A native of Los Angeles, Kahane is a graduate of the San Francisco Conservatory of Music, where he studied piano. After private studies with John Perry, Kahane went on to be a finalist in the 1981 Van Cliburn Competition, and his piano career began in earnest after he won the Grand Prize at the Arthur Rubinstein International Competition in 1983. Following that achievement, he began making solo appearances both in recitals and with major orchestras around the world.
Kahane made his conducting debut in 1988, at the Oregon Bach Festival. He was the music director of the Santa Rosa Symphony for 11 years and the Colorado Symphony for five years.
For two decades ending in 2017, he served as music director of the Los Angeles Chamber Orchestra. Among the career highlights Kahane cites in his official online bio are concertos with the New York Philharmonic and San Francisco Symphony, recitals with Yo-Yo Ma and Joshua Bell, European tours conducting the Los Angeles Chamber Orchestra and collaborations with the Emerson, Miró, Dover, Attacca and Calidore String Quartets.
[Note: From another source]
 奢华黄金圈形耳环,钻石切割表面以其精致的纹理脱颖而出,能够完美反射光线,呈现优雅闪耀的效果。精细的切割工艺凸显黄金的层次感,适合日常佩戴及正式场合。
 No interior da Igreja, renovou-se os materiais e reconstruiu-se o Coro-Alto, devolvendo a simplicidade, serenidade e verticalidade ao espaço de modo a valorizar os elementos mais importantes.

Recently, Kahane has been collaborating with his son, Gabriel Kahane, on “Heirloom,” a three-movement concerto written by the younger Kahane that honors the history of their family, beginning with the escape from Nazi Germany of Jeffrey’s mother.
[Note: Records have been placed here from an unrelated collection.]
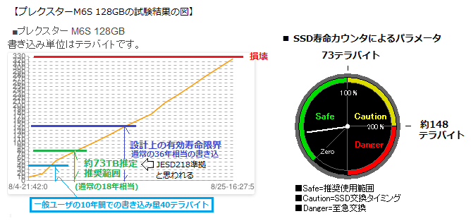 そして一日の平均書き込み量より、SSDの総寿命と残りの寿命を算出します。
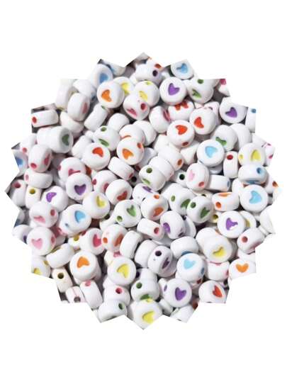 300 Beads Heart Star Round Bead Jewelry Crafts - Corazón blanco y coloreado - Añade 1
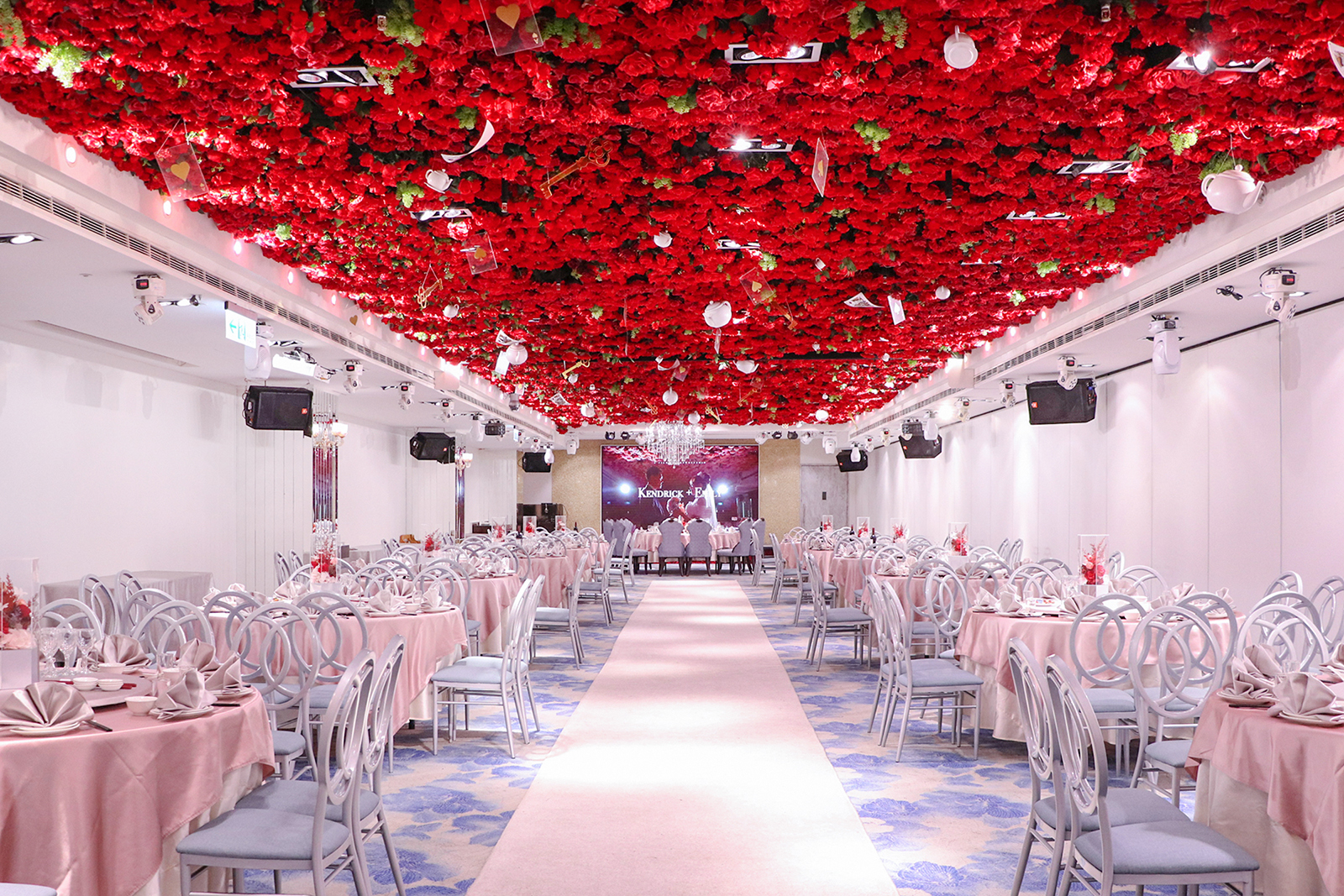 《愛麗絲夢遊仙境》的故事作為設計理念,以色彩強烈的紅色玫瑰為主, 紅玫瑰鋪成的花海中夾雜著一些些綠意點綴,更襯托出紅玫瑰的嬌豔, 鑰匙、茶壺、撲克牌等故事裡的代表元素也通通融入到宴會廳中, 彷彿將《愛麗絲夢遊仙境》故事中的茶園下午茶聚會帶進現實世界~
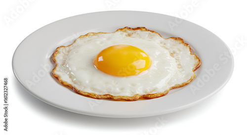 Close-up of a sunny side up egg served on a white plate. Perfectly cooked yolk and crispy edges. Simple and delicious breakfast.
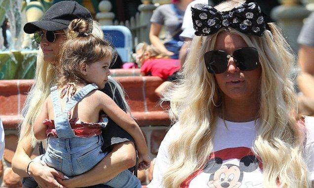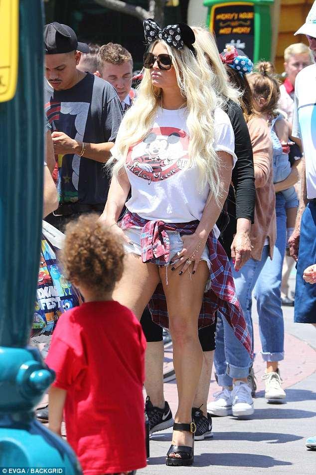 Jessica, 35, whose husband Eric Johnson also joined the outing, teamed her torn Daisy Dukes with a festival of Disney merchandise.

When “Heirloom” was performed at the 2025 Sarasota Music Festival, Gabriel conducted the festival orchestra while his father played piano. On Oct. 10, Nonesuch Records will release a recording of “Heirloom” made at Carnegie Hall in May 2024. Jeffrey Kahane played piano in that concert along with The Knights, a Brooklyn-based orchestra collective, under the direction of Eric Jacobsen.
Even though he is stepping down from the Sarasota Music Festival, Kahane has agreed to be a guest soloist with the Sarasota Orchestra in the 2026-27 season. McKenna says he is “confident” that Kahane will return to the festival in the future as a teacher and a performer.
Coming back home to the Sarasota Music Festival is a tradition of sorts. Fellows often return as faculty members as their careers evolve. Among the alumni who have recently come back to teach and perform are violinists Sandy Yamamoto and Elena Urioste and cellist Karen Ouzounian.
Some festival fellows are even asked to join the Sarasota Orchestra. Among them are Hugo Bliss, who joined the orchestra as co-principal horn player in the 2024-25 season.
One reason the Sarasota Music Festival is so popular with arts patrons is that its master classes and rehearsals are open to the public and can be attended for as little as $5.
Well-wishers from the community often deliver food to the fellows to keep them well fed as they rehearse in Holley Hall at the Beatrice Friedman Symphony Center, a pleasant stroll from the nearby Hyatt Regency.
“We really lost what felt like a campus when the Hyatt closed,” McKenna says.
The location of the Sarasota Music Festival will also move with the arrival of the Sarasota Orchestra’s new Music Center.
The project near the intersection of I-75 and Fruitville Road is expected to break ground in 2027 and open for the 2029-30 season.
An anonymous $60 million donation has been pledged to the project, estimated to cost between $375 million and $425 million.
While the Music Center will contain state-of-the-art facilities for the Sarasota Orchestra, its children’s programs and the Sarasota Music Festival, it will not offer housing for visiting artists.
“Housing is a problem for everyone in Sarasota right now,” McKenna says, adding that when the time comes, beds will be found for festival fellows near the new music center.